Segment Start: RECORDED INFORMATION
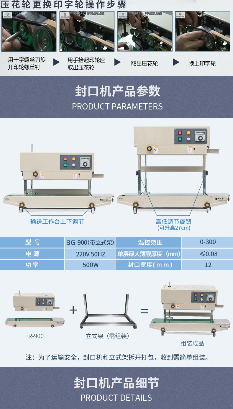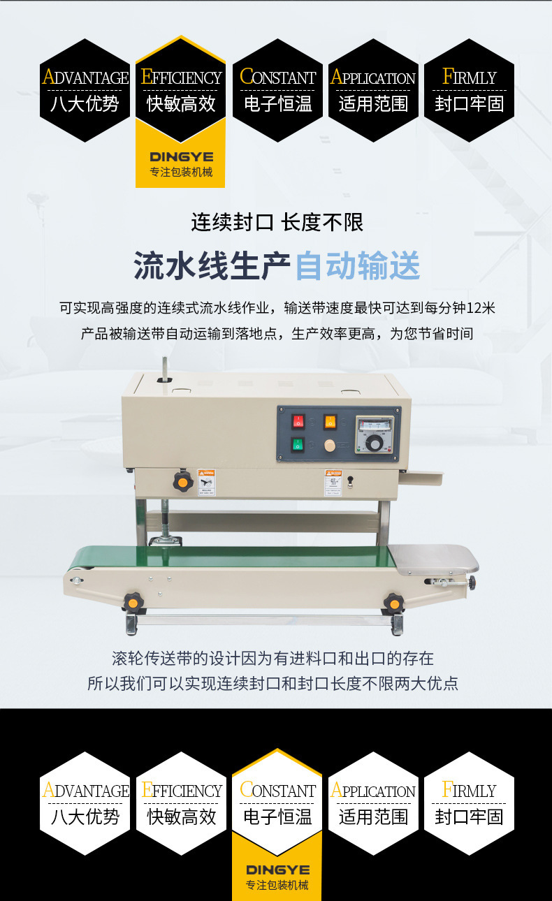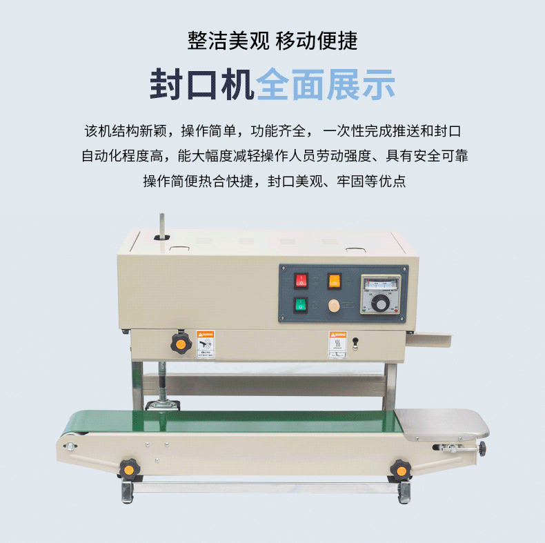 立式連續(xù)式封口機主要是通過輸送帶將包裝物品連續(xù)地輸送到封口區(qū)域
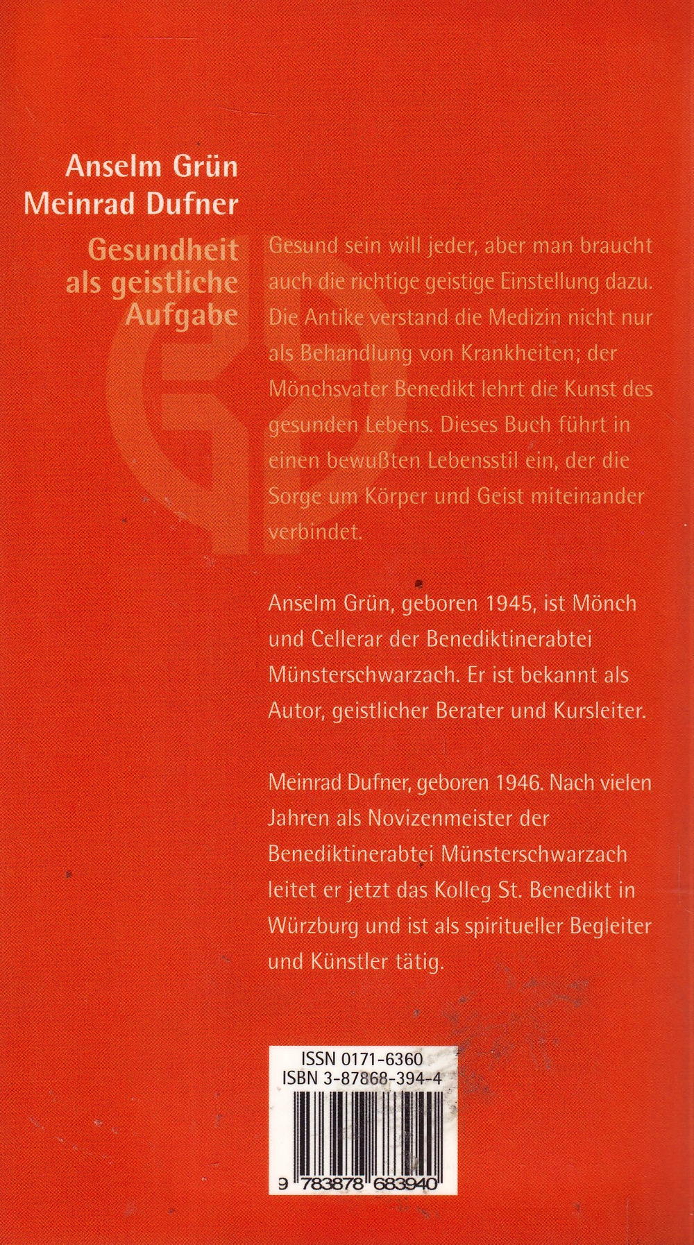 Dr. theol. Anselm Grün, geb. 1945, verwaltet die Benediktinerabtei Münsterschwarzach. Kursleiter für Fasten und Kontemplation, einer der meistgelesenen spirituellen Autoren der Gegenwart. 2007 wurde ihm das Bundesverdienstkreuz verliehen.
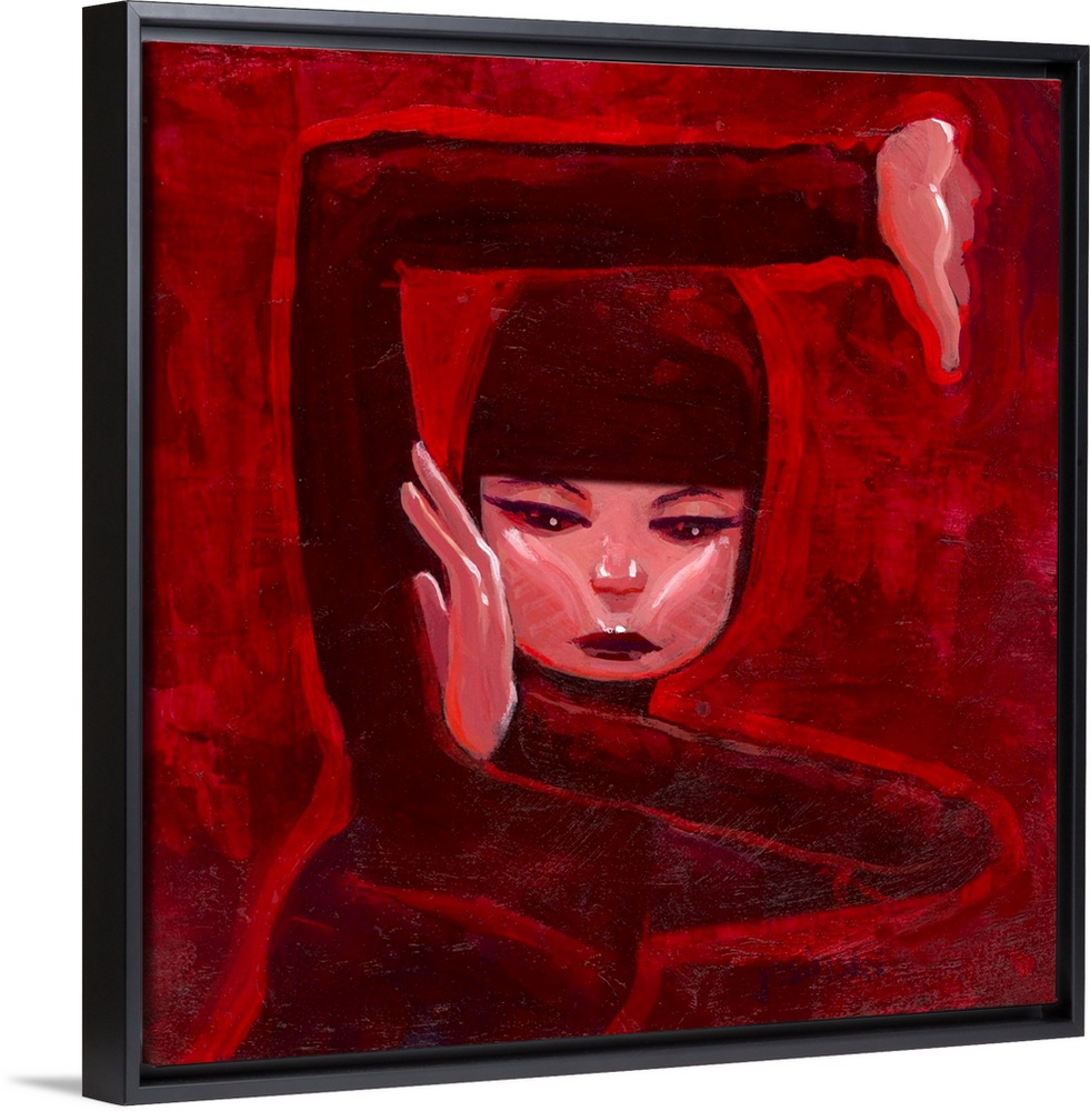 Art College Dorm Décor Contemporary Art Figurative Eyes on Walls Collection Aaron Jasinski Painting People Portraits Red Wall Art Scarlet
Segment End: RECORDED INFORMATION
- [ABOUT THIS EXERCISE] Where pictures appear, skip them and transcribe all other material word for word.

- [OUTPUT FOR THIS TASK]
 立式連續(xù)式封口機主要是通過輸送帶將包裝物品連續(xù)地輸送到封口區(qū)域
 Dr. theol. Anselm Grün, geb. 1945, verwaltet die Benediktinerabtei Münsterschwarzach. Kursleiter für Fasten und Kontemplation, einer der meistgelesenen spirituellen Autoren der Gegenwart. 2007 wurde ihm das Bundesverdienstkreuz verliehen.
 Art College Dorm Décor Contemporary Art Figurative Eyes on Walls Collection Aaron Jasinski Painting People Portraits Red Wall Art Scarlet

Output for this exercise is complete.